The Frankfurt photographer, philanthropist and psychotherapist Ulrike Crespo, who died in 2019, bequeathed 90 paintings and works on paper by artists including Wassily Kandinsky, Franz Marc, Otto Dix, Max Ernst and Fernand Léger to the Städel Museum—one of the most important gifts of recent decades, according to the museum’s announcement today.
The Städel plans to exhibit selected works from the collection in an exhibition opening on 24 November that runs until 6 March 2022. Among the key works in the bequest is Oskar Schlemmer’s 1931 watercolour, Bauhaus Stairway, the 1932 oil painting Schlemmer produced with the same title is in the collection of the Museum of Modern Art in New York (MoMA). Other highlights include an early oil landscape by Kandinsky titled Kallmünz—Light Green Mountains (1903), and a 1927 surrealist Ernst painting, Grätenwald.
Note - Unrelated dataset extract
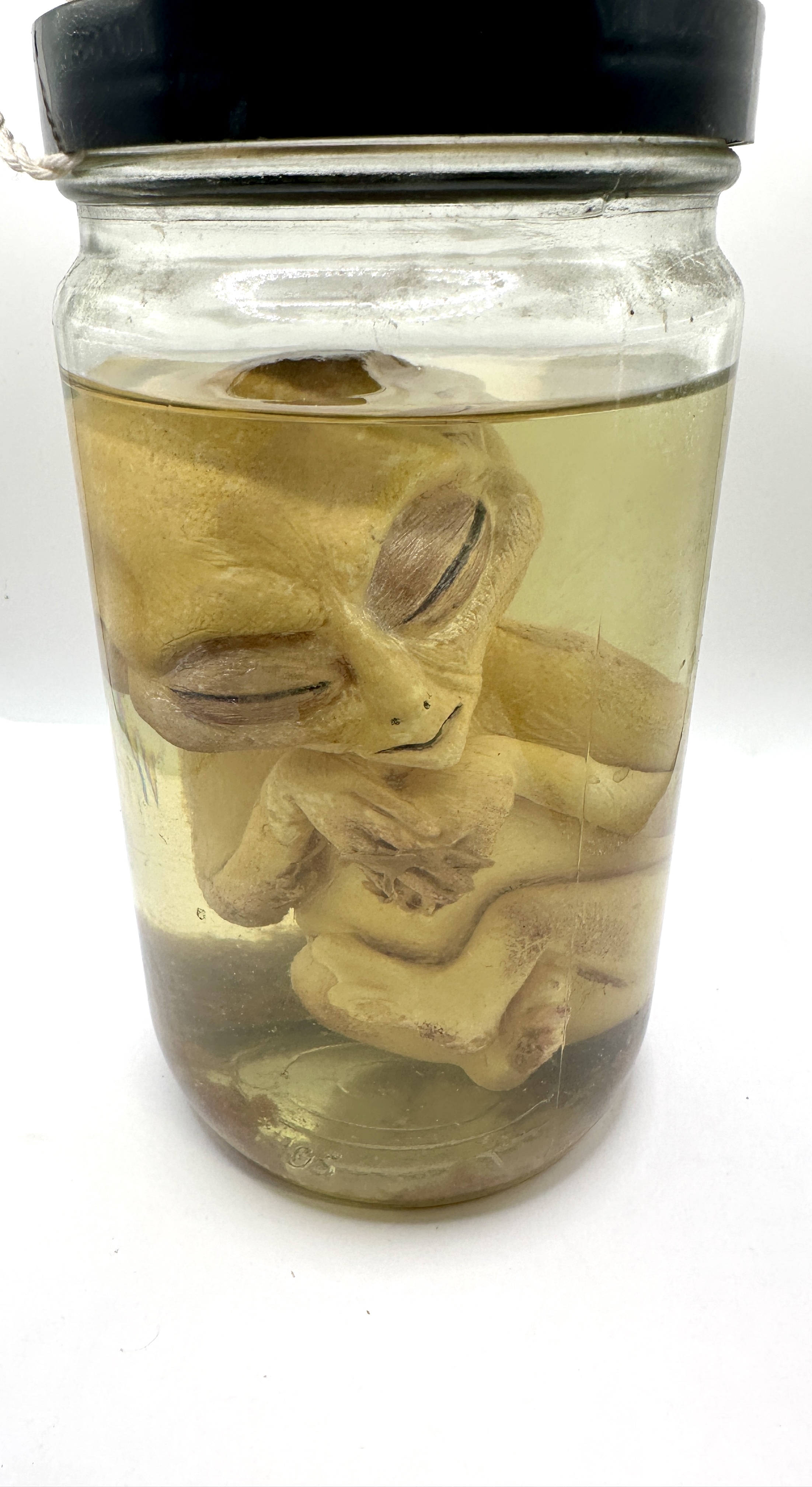 The item is in good condition as a novelty piece. The label is intentionally distressed with stains and worn edges to simulate age. The yellowish tint of the preserving liquid is a deliberate design feature. The glass jar is free from visible chips or cracks.

Crespo set up a foundation in 2001 to fund projects to support socially disadvantaged people and to promote education and creativity. She also collected contemporary art. She inherited the works bequeathed to the Städel from her grandfather, Karl Ströher, who collected Modernist art after the Second World War.
Other artists whose works feature in the bequest are Paul Klee, Lyonel Feininger, László Moholy-Nagy, Ernst Ludwig Kirchner, Erich Heckel, Emil Nolde, Jean Dubuffet, Gustav Klimt and Paula Modersohn-Becker.